Konsep nilai kesederhanaan berlaku dalam tingkah laku ekonomi terutama dalam menjauhi sifat konsumtif. Menjauhi pemborosan berlaku tidak hanya untuk pembelanjaan yang diharamkan tetapi juga pembelanjaan dan sedekah yang berlebihan. Apabila suatu waktu keseimbangan ini terganggu dan terjadi ketimpangan–ketimpangan sosial ekonomi dalam kehidupan masyarakat, maka haruslah ada tindakan-tindakan untuk mengembalikan ke keseimbangan semula.
Berbagai ujian di dunia ini, seperti kelaparan, kemiskinan, sempitnya lapangan pekerjaan dan lain-lain, mengakibatkan keseimbangan terganggu, kestabilan dan keamanan pun terganggu. Dalam keadaan demikian Islam telah menggariskan suatu aturan untuk mengadakan distribusi kekayaan dengan mengambil dari yang kaya dan menyalurkan kepada yang miskin dengan pembagian zakat, sedekah, hibah dan waris. Kemungkinan tindakan lain misalnya nasionalisasi industri atau kegiatan ekonomi lain yang dapat mengimplikasikan nilai dasar keseimbangan.
Ketiga, Keadilan Sosial. Al-Qur’an merujuk pada konsep keadilan yang merupakan istilah ketiga di antara istilah-istilah yang paling sering digunakan setelah “Allah” dan “Ilmu Pengetahuan”. Boleh jadi keadilan dianggap sebagai konsep yang lebih luas dimana keadilan sosial memperoleh kedudukan utama.

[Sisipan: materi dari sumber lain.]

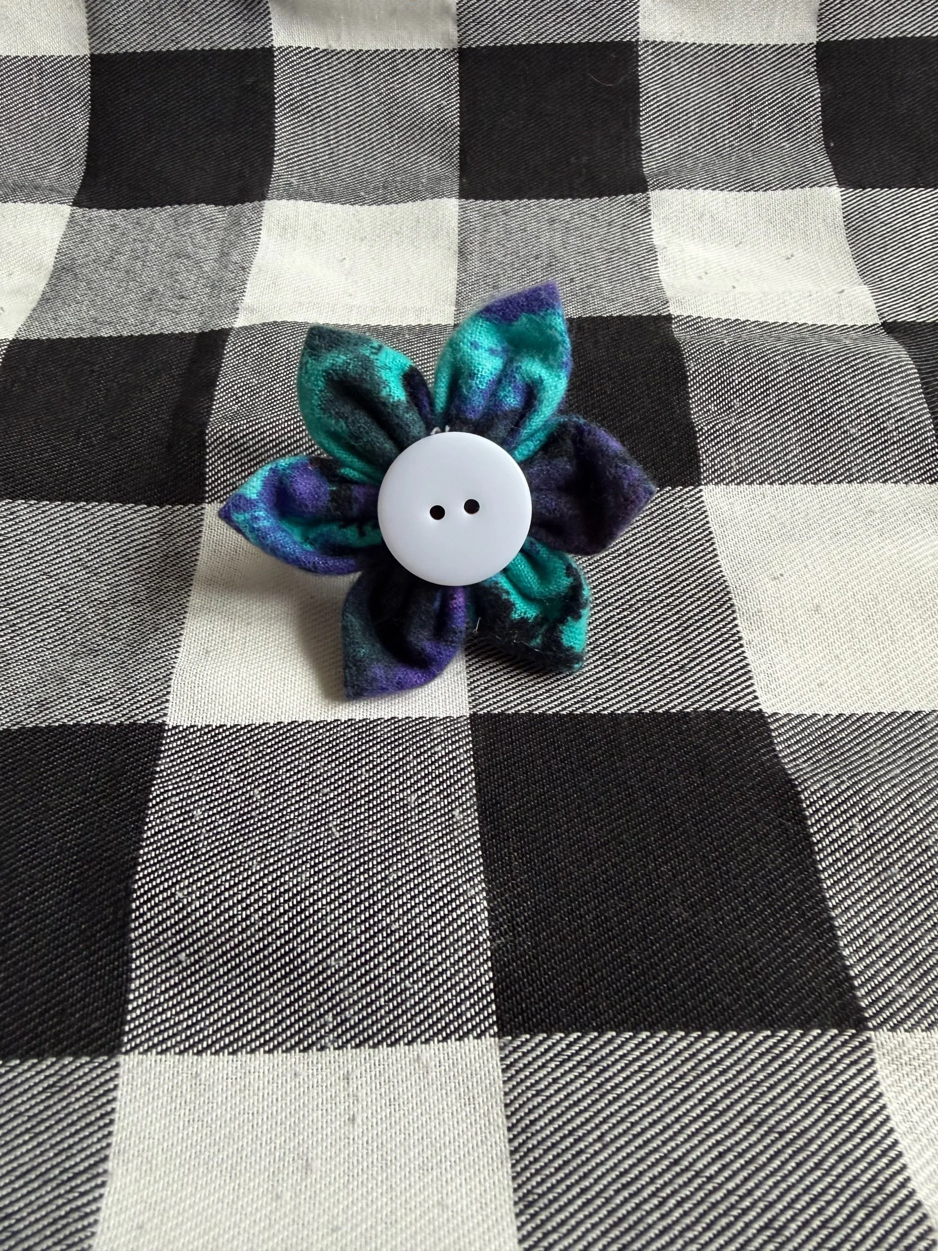 Image 1 of 1 Purple Tie Dye Flower $5.00 This flower Velcros around pets collar. Will fit around up to a 2 inch collar. The flower itself is 3 inches wide. Add To Cart Added! This flower Velcros around pets collar. Will fit around up to a 2 inch collar. The flower itself is 3 inches wide.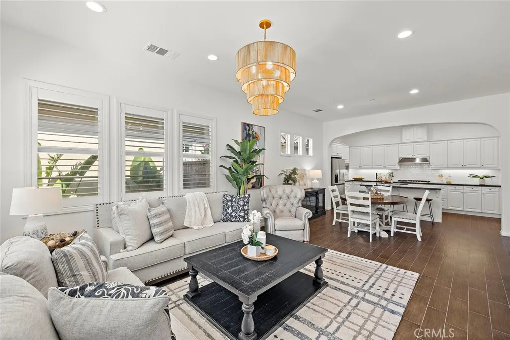 Welcome to a True Single Story retreat nestled in the heart of gated Gavilan Village in Rancho Mission Viejo. This elegant standalone home offers a perfect blend of comfort and style, featuring 3 bedrooms and 2 bathrooms and no attached walls. Designed with an open-concept layout, the living space flows seamlessly, enhanced by high ceilings and modern LED recessed lighting. Beautiful kitchen boasting white cabinetry, stainless steel appliances, gleaming granite countertops, a walk in pantry and an expansive island that doubles as a hub for casual gatherings. The adjacent dining area is large enough for a 6 person dining table and flows into the family room. Your built-in media cabinet is a focal point for the family room and can accommodate an 85" TV for those sports watching gatherings. The home is masterfully designed with privacy in mind positioning the Primary bedroom on one side of the home and the secondary bedrooms on the other side down a hallway. The primary suite is a sanctuary with beautiful chandelier and plantation shutters plus a luxurious en-suite bathroom, featuring double sinks, limestone countertops, an oversized walk-in shower, and walk-in closet. Both secondary bedrooms have overhead chandeliers as well as plantation shutters. They share the full bath with tub/shower combination, framed mirror and quartz countertops. This home is also equipped with a laundry room with upper cabinets, sink and included washer/dryer. The garage has been outfitted with epoxy floors, storage cabinetry and a whole house water softener. Step outside to enjoy the private backyard, beautifully designed with custom pavers and beautiful plants- ideal for hosting friends and family. For recreation, residents benefit from exceptional community amenities steps away at the Hacienda Club including a sparkling pool, relaxing spa, and vibrant club house with clubhouse, workout gym, card rooms and yoga studio. Residents also enjoy access to all of the amenities RMV has to offer including 2 additional 55+ pools, plus all age Amenities including putting green, firepits, bars, and more. One of the beauties of this home is that Gavilan Sendero offers the lowest rate of Mello Roos in RMV and will be significantly less than the Rienda properties. Yet, you are walking distance to the Sendero Gavilan Amenities and have access to all of the other amenities in all three villages. Experience the best of Rancho Mission Viejo living in this exquisite property.

Dalam kenyataannya, banyak penulis kontemporer menegaskan bahwa keseluruhan infrastruktur hukum di dalam Islam di dasarkan pada keadilan sosial.
Konsep keadilan sosial, sebagaimana yang sering dibahas oleh pemikir- pemikir kontemporer itu bersifat multidimensional. Kedilan berkaitan dengan dan berintikan kebenaran (al-haq); persamaan di hadapan hukum, dijaminnya persamaan di dalam pendidikan yang merupakan tanggungjawab negara; dilaksanakannya pajak kekayaan untuk penyediaan kebutuhan dasar bagi mereka yang tidak beruntung dalam rangka mengurangi kesenjangan ekonomi. Keadilan berarti pula kebijaksanaan dalam mengalokasikan sejumlah hasil tertentu dari kegiatan ekonomi bagi mereka yang tidak mampu memasuki pasar atau tidak sanggup membelinya menurut kekuatan pasar, yaitu kebijaksanaan melalui zakat, infaq dan sedekah.
Demikianlah nilai-nilai dasar dari sistem ekonomi dalam perspektif Islam yaitu kebebasan terbatas terhadap kepemilikan harta dan sumber-sumber kekayaan, nilai keseimbangan dan nilai keadilan yang merupakan kebulatan nilai yang tidak bisa dipisahkan. Pangkal tolak nilai dasar ini, kemudian melahirkan nilai-nilai instrumen yang terealisasi dalam pelarangan riba, diperintahkannya zakat, sedekah dan infaq.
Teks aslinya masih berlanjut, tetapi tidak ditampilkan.